Attorney George Graham Vest, who got his law degree from Transylvania University in Kentucky in 1853, had already made waves by representing a slave accused of murder. The slave was acquitted, but died at the hands of an angry lynch mob who burned him at the stake, also threatening the life of George Vest for his role in the acquittal.

George Graham Vest became legendary for his powerful speeches and taking on the most unpopular battles. He supported secession on the side of the South during the Civil War. He worked for fair treatment of Native Americans, opposed women’s right to vote, and fought to protect the right of the Mormons to have multiple wives, even though he was personally against polygamy. He also fought to protect and preserve Yellowstone National Park.

In the trial of hunting dog Old Drum, George Vest represented Charles Burden who was Old Drum’s grieving owner, against Leon Hornsby, who allegedly directed another man to kill Old Drum. George’s closing statement was so powerful that not only did they win the case, his “Eulogy of the Dog” speech was inscribed on a monument and is considered to be one of the world’s greatest speeches.

Eulogy of the Dog

“Gentlemen of the jury: The best friend a man has in this world may turn against him and become his enemy. His son or daughter that he has reared with loving care may prove ungrateful. Those who are nearest and dearest to us, those whom we trust with our happiness and our good name, may become traitors to their faith. The money that a man has, he may lose. It flies away from him, perhaps when he needs it the most. A man’s reputation may be sacrificed in a moment of ill-considered action. The people who are prone to fall on their knees to do us honor when success is with us may be the first to throw the stone of malice when failure settles its cloud upon our heads. The one absolutely unselfish friend that a man can have in this selfish world, the one that never deserts him and the one that never proves ungrateful or treacherous is his dog.

“Gentlemen of the jury: A man’s dog stands by him in prosperity and in poverty, in health and in sickness. He will sleep on the cold ground, where the wintry winds blow and the snow drives fiercely, if only he may be near his master’s side. He will kiss the hand that has no food to offer, he will lick the wounds and sores that come in encounters with the roughness of the world. He guards the sleep of his pauper master as if he were a prince. When all other friends desert, he remains.
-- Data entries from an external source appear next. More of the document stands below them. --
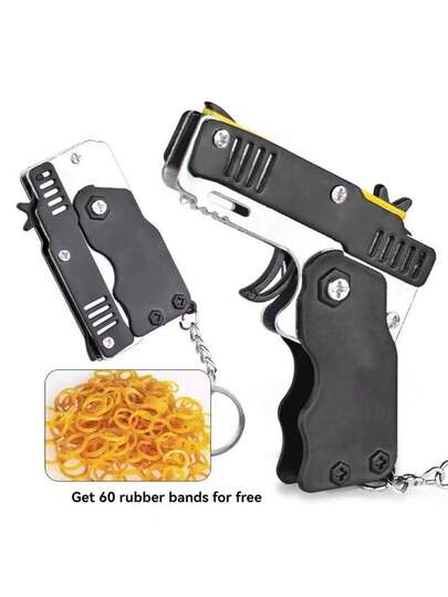 1pc Foldable Zinc Alloy Rubber Band Gun Model Keychain Shootout Gun With 60 Rubber Bands - Black - View 1
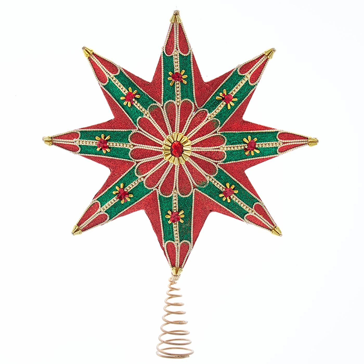 Best Sale ๐งจ Kurt S. Adler, Inc. ๐ Christmas Tree Toppers Kurt Adler 16-Inch 8-Point Red, Green, And Gold Traditional Star Tree Topper โจ
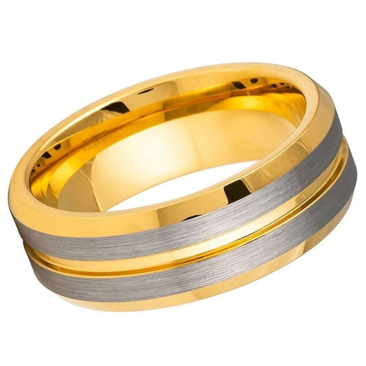 Grooved Center Yellow Gold IP Tungsten Ring - 8mm
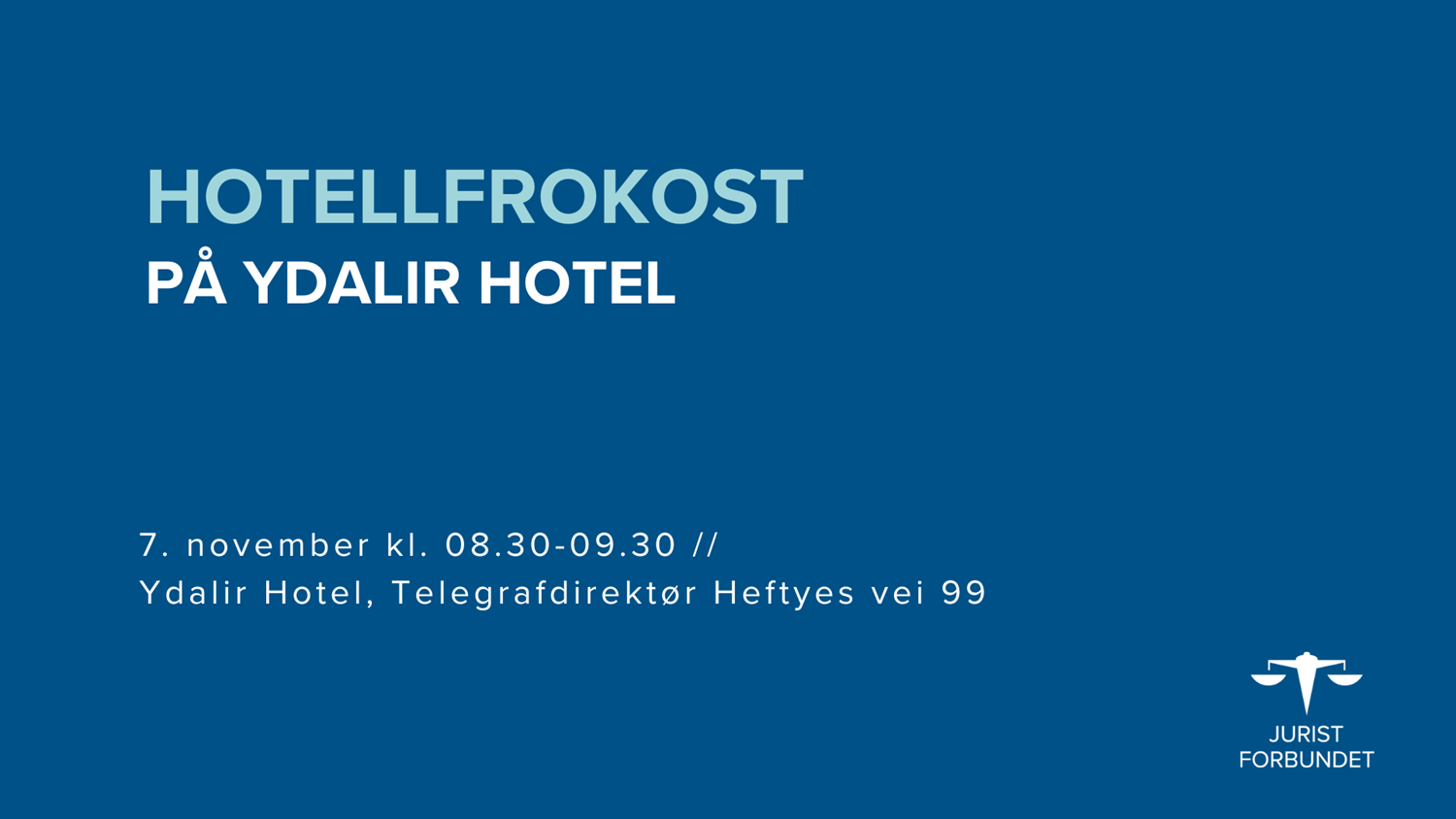 Eksamen begynner å nærme seg for alvor, dagene på sal blir lenger og lenger. Er du lei av å lage frokost hver morgen før du drar på lesesalen? Da har vi gode nyheter til deg! Som medlem i Juristforbundet - Student kan du nyte en gratis frokost på Ydalir Hotel den 07.11. kl 08:30!

When riches take wings and reputation falls to pieces, he is as constant in his love as the sun in its journey through the heavens.

“If fortune drives the master forth an outcast in the world, friendless and homeless, the faithful dog asks no higher privilege than that of accompanying him to guard against danger, to fight against his enemies, and when the last scene of all comes, and death takes the master in its embrace and his body is laid away in the cold ground, no matter if all other friends pursue their way, there by his graveside will the noble dog be found, his head between his paws, his eyes sad but open in alert watchfulness, faithful and true even to death.”